The Apocalypse, is referencing The Four Horsemen of the Apocalypse, Pestilence, Famine, War and Death. In the game, The Apocalypse's goal is to be the last faction left standing, done so by transforming into upgraded versions of their roles via specific conditions, some of which end the game immediately if they are not lynched by the end of the day.

The sequel offers more customization options, with players being able to purchase interior and path decorations for their houses in the shop, as well as move their character around freely in the lobby and after death in-game. Communication is improved, with the ability to tag players, keywords, and roles in chat, aiding in the discussion during the day. Town of Salem 2 released for iOS and Android devices on March 26, 2024.

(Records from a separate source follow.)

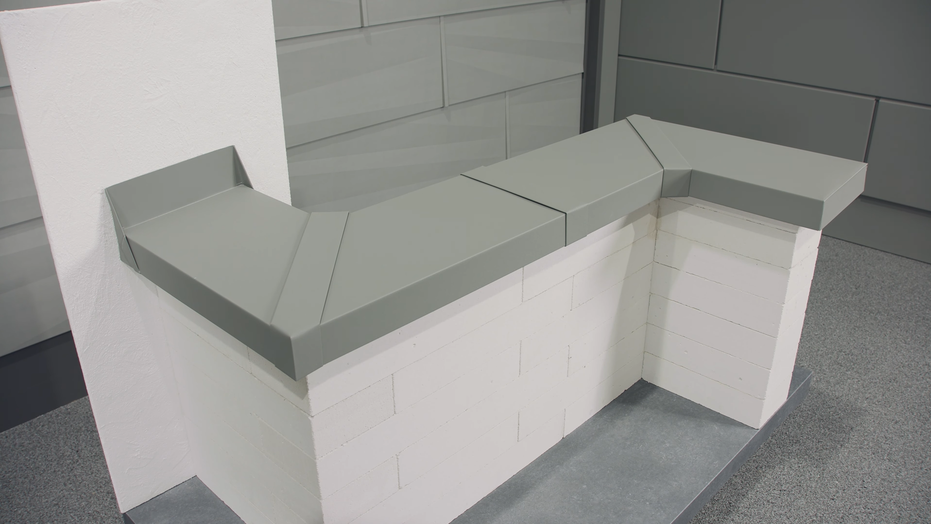 Innen- oder Außenecke mit integriertem Wandanschluss: Attika-Mauerabdeckung:
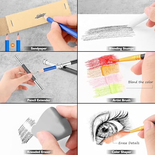 Regalo perfecto para todos los amantes del arte: fabricado con materiales de alta calidad, este kit de lápices de dibujo es un gran regalo para artistas, principiantes del arte, adultos, aficionados. Juego de suministros ideales para artes y manualidades, regalo para Halloween, Navidad, regalo de cumpleaños, fiesta, Acción de Gracias, cumpleaños, Año Nuevo, Día de San Valentín, Año Nuevo.
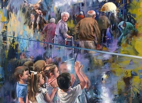 Ο συγκλονιστικός πίνακας του ισπανού Lucena δείχνει παιδιά να αποχαιρετούν τους παππούδες και τις γιαγιάδες που «έφυγαν» από τη ζωή τους τελευταίους μήνες.
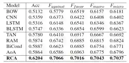 在本文中,我们针对社区问答中的立场分析任务(AnswerStance),开发了RCA模型,它通过建模问题句和回答句之间的相互表示,在多次阅读过程中不断提炼问答对的语义表示,逐步更新立场状态,并最终做出更准确的立场判断。
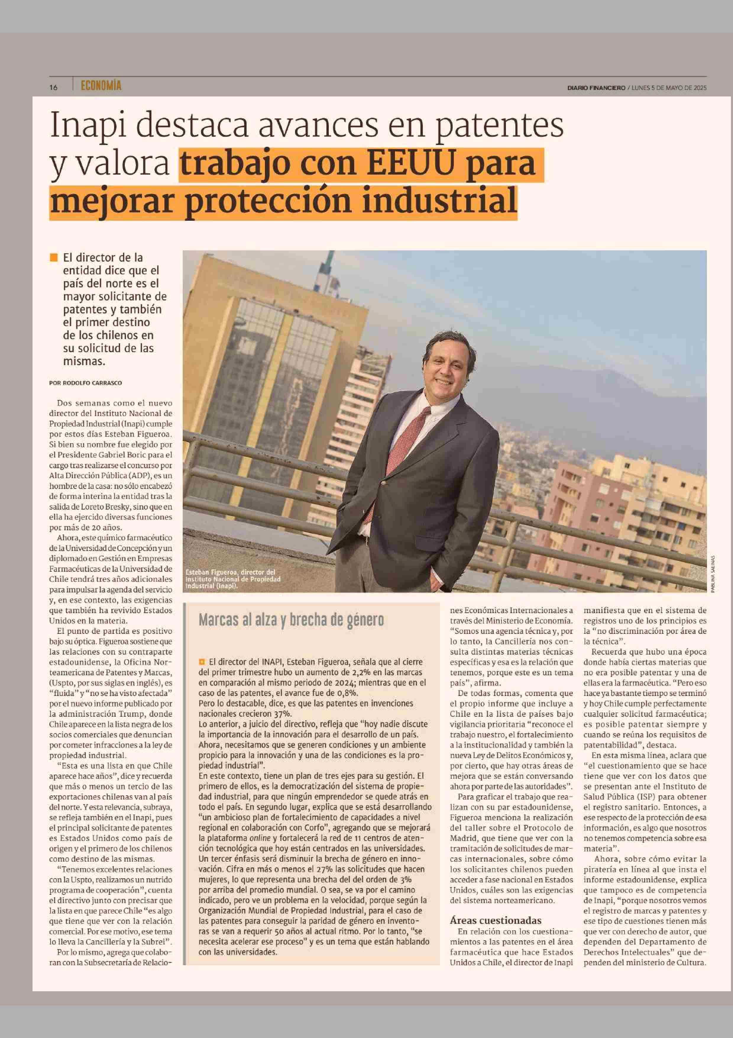 Inapi destaca avances en patentes y valora trabajo con EEUU para mejorar protección industrial 05-05-2025 Diario Financiero |

On a Steam blog post, BlankMediaGames revealed that Town of Salem 2 matched its predecessor's all-time high concurrent Steam user count, reaching over 3,700 concurrent players. The developers also revealed that sales for the game exceeded that of Town of Salem's Coven DLC and its mobile port launch.

As of January 29, 2025, BlankMediaGames and Digital Bandidos has announced (both in their Official 'Town of Salem Games' Discord Server, and in their Steam Blog post) that "Town of Salem 2 will launch on current-generation PlayStation, Xbox, and Nintendo Switch consoles later this year".

== Reception ==
In 2020, PC Gamer named Town of Salem one of the best free-to-play browser games. They described it as difficult to explain, but easy to get the hang of. Matt Cox of Rock, Paper, Shotgun described the game as "an online hidden role game with no friends or eyeballs, and a whole load of bullshit." Cox went on to criticize the game for being too complicated, and said that the experience "feels empty" due to the lack of face-to-face interaction.